Mbeki told the National Council of Provinces in late October that he had asked the Health Minister to look into the claim in certain scientific literature that AZT is dangerous.

As a result of Mbeki's comments, his instruction that the Medicines Control Council (MCC) review AZT, and Duesberg's resultant appearance on prime-time television, HIV-positive patients have been thrown into confusion.

Medscheme's AIDS benefit management programme, Aid for AIDS, supports 3 000 HIV-positive members, of whom just over half are taking AZT. The programme's clinical co-ordinator, Dr Leon Regensberg, is being inundated with calls from fearful patients who think new evidence must have emerged about the drug's toxicity. One Cape Town patient has stopped taking AZT and his viral load has shot up dramatically, but he is convinced that he no longer has the disease.

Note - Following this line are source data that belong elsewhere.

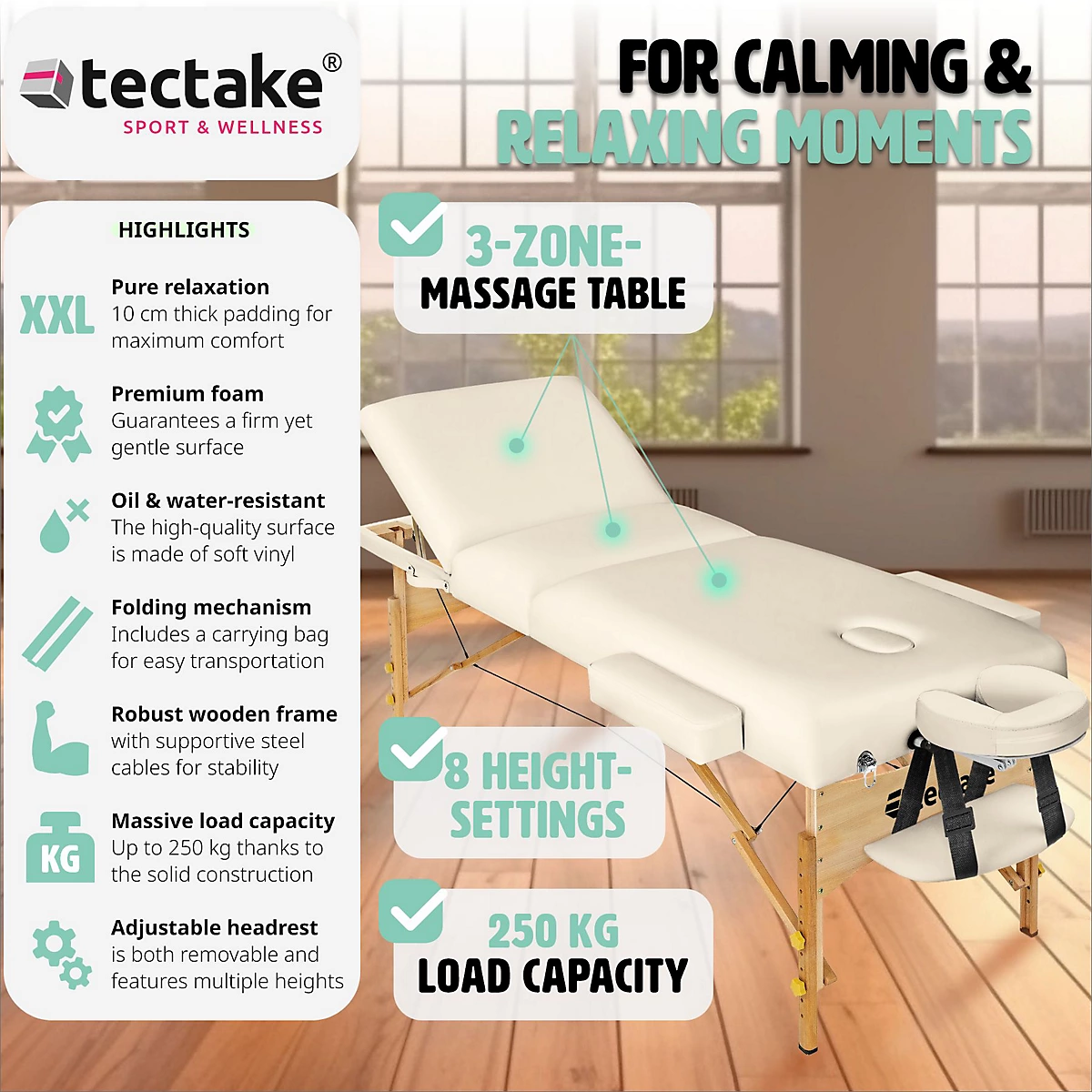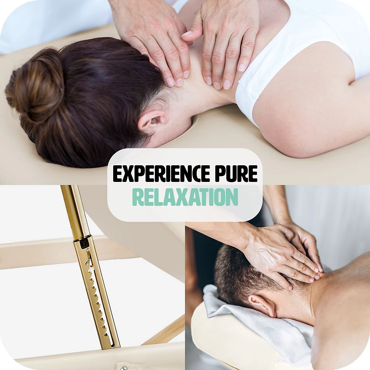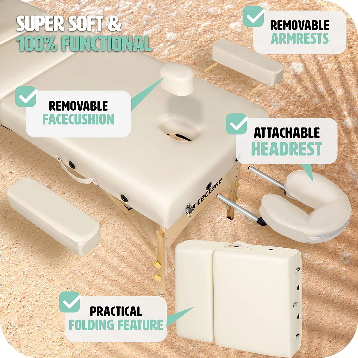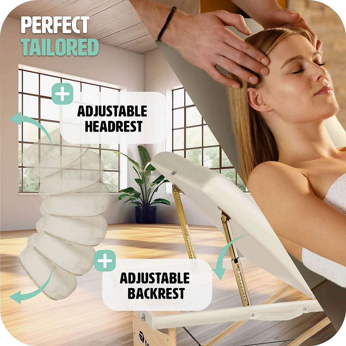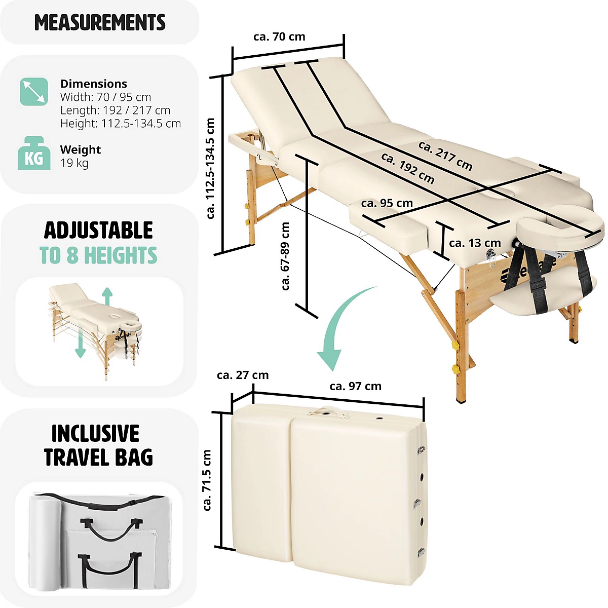 - ملحقات متكاملة: يتضمن مساند للذراعين (تزيد العرض حتى 102 سم)، مسند رأس قابل للفك، وفتحة وجه مدمجة.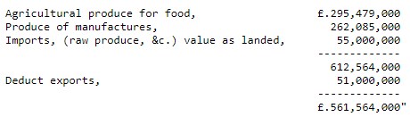 "The yearly consumption of the population of Great Britain and Ireland for food, clothing, and lodging, (we give the round numbers only):—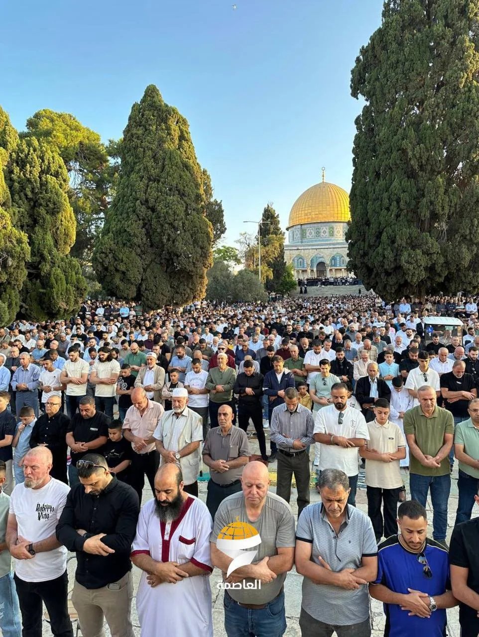 أدى عشرات آلاف المصلين صلاة العيد في المسجد الأقصى المبارك، رغم تضييقات وتشديدات قوات الاحتلال في أول أيام عيد الأضحى.

Even Medical Research Council (MRC) president Dr Malegapuru Makgoba assumes there is new evidence on AZT. He says the MRC will, on its own initiative, review all information on the drug.

"Public concerns about AZT are said to be coming from scientific studies. We want to trace those studies and dig out the evidence, rather than dismiss it off-hand," he says, before asking whether the FM knows the source of the controversy. When we say it all comes down to Duesberg, he responds: "If it all comes from Duesberg, then I think it will amount to nothing. Duesberg can't even convince his peers in his own country. The problem is South Africans are so gullible. This takes away from all the good things we are doing in this country (to fight AIDS)."

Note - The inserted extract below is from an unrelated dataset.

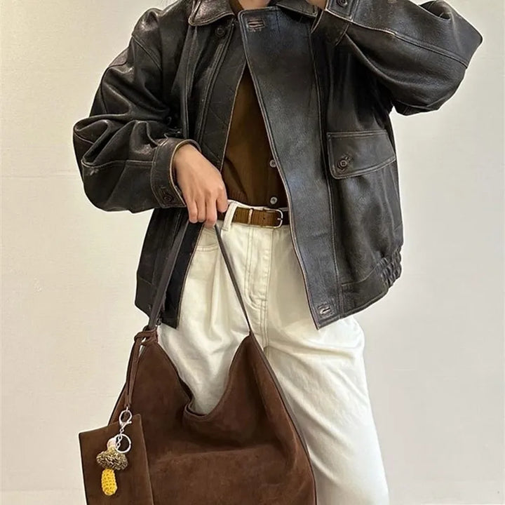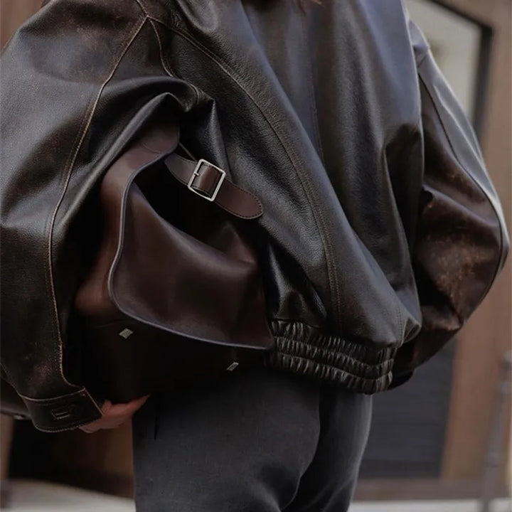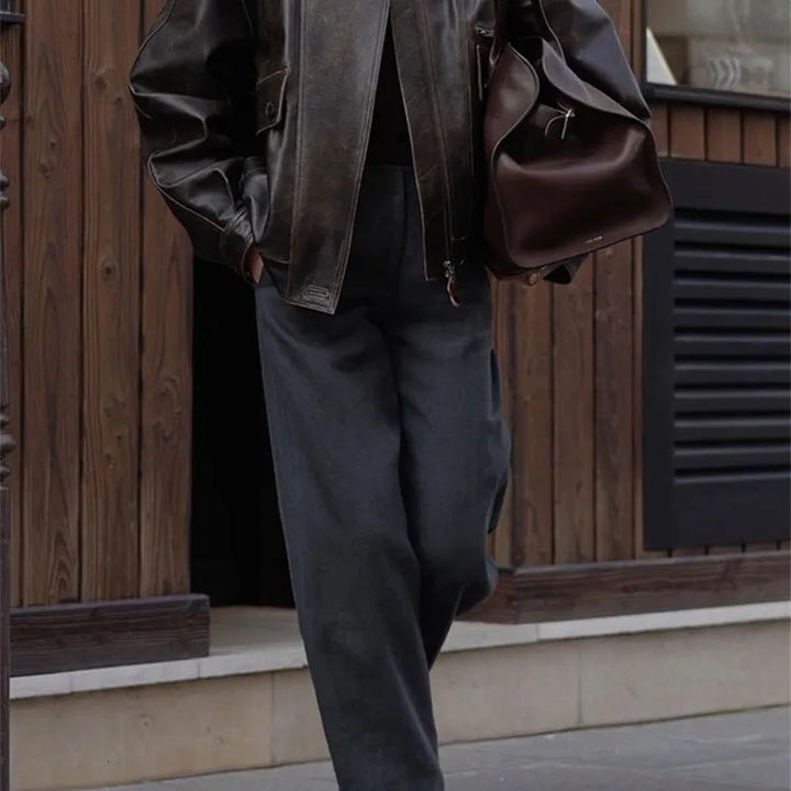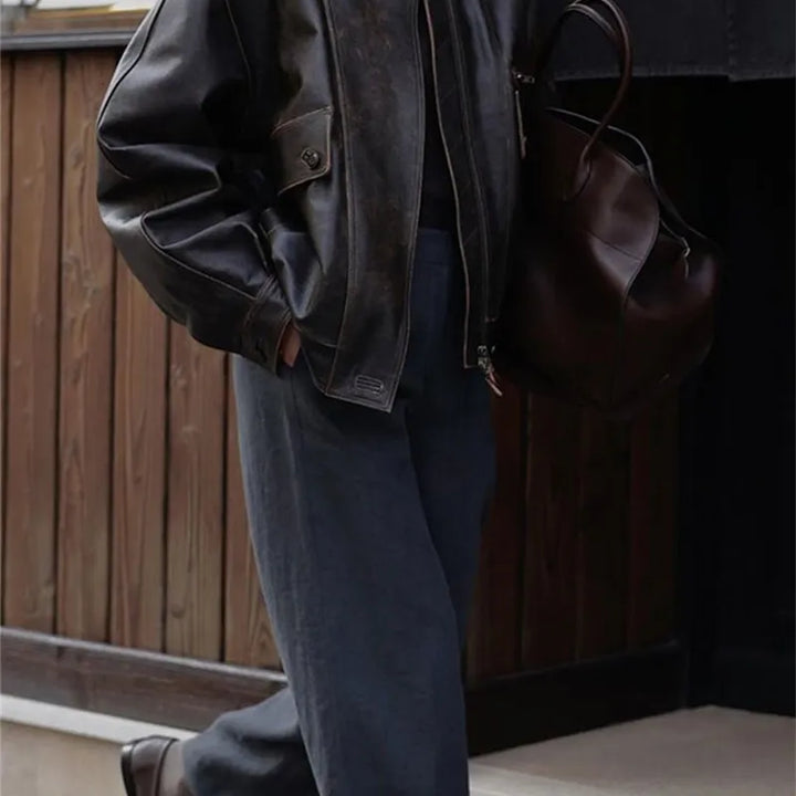 Buy Classic Cropped Leather Bomber Jacket Vintage Chic for All Occasions

Ten years ago Duesberg was a challenge, but his outdated theories have been buried under masses of incontrovertible scientific evidence. At the 1992 International AIDS Conference in Amsterdam, delegates sported badges stating, "It's the virus, you idiot!" in reference to Duesberg's theory that HIV doesn't cause AIDS. Then he was the butt of international jokes; now SA is, with the story making headlines in the US.

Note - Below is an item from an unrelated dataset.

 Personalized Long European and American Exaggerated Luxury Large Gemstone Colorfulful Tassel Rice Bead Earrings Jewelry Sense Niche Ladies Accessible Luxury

"We're making a laughing stock of ourselves," warns HIVCare International head Dr Ruben Sher. "Government is discrediting the drug because it doesn't want to pay for it. But it's backfiring, because there is no evidence... they will find nothing."

Many others in the medical profession, including ANC members and officials, regard Mbeki's statements as a setback in the fight against the disease, which infects 3,5m-4m South Africans.

"I've had a patient coming off AZT in trials because of all the publicity. It's irresponsible, the statements being made. We are losing a lot of the ground we've gained. It means government still doesn't want to take responsibility for the epidemic," says National AIDS Convention of SA (Nacosa) chairman and Cape Town's principal medical officer Dr Ashraf Grimwood.

"AZT is being singled out because government is trying to defend its decision not to provide it for mother-to-child transmission," says the head of Groote Schuur Hospital's HIV/AIDS Unit, Prof Gary Maartens. "It's pathetic; the MCC is toadying to the President. There's no medical or scientific reason whatsoever for the MCC to review the material. I'm sure the MCC will come out with a balanced report, but it's nauseating that they're even looking at it."

Dr Peter Moore, medical director of Glaxo Wellcome, the drug's manufacturer, says that as the Health Department is unable to put any new evidence on the table, Glaxo regards the MCC's review as "unnecessary and unjustified".

"On the contrary," says MCC chairman Dr Helen Rees, "we were in the process anyway, starting a few months ago, of looking at all the AIDS drugs. They have been introduced at huge speeds and for good reasons and when you do that, you have to look at safety. AZT is being used for things like needle-stick injuries and mother-to-child transmission, which is not what it was originally intended for."

She says the MCC will take an in-depth look at all data on AZT's safety and efficacy and will review the drug's registration status. The council will either tighten up on certain conditions or confirm the status quo. It should take at least a month. In the interim, Health Minister Manto Tshabalala-Msimang has recommended that people continue using the drug.

The World Health Organisation recently added AZT to its Essential Drugs List. The British government last month approved its use to reduce mother-to-child transmission of the virus.

Many people aren't aware of the background to Mbeki's statements on AZT - not that he found his speech material on the Internet, but government's long-standing row with Glaxo.

About three years ago, Glaxo met government in an attempt to dissuade it from parallel-importing AZT (getting it from a country where it is sold cheaper than in SA). Glaxo offered government a 75% discount, but government wanted the drug at cost. Glaxo's response was that this was not feasible. It expressed fears that AZT would be stolen from the State's porous warehouses and find its way on to the open market - a legitimate concern, but government was not amused. Relations deteriorated further when the pharmaceutical industry took government to court to halt subsequent legislation providing for the parallel importation of drugs.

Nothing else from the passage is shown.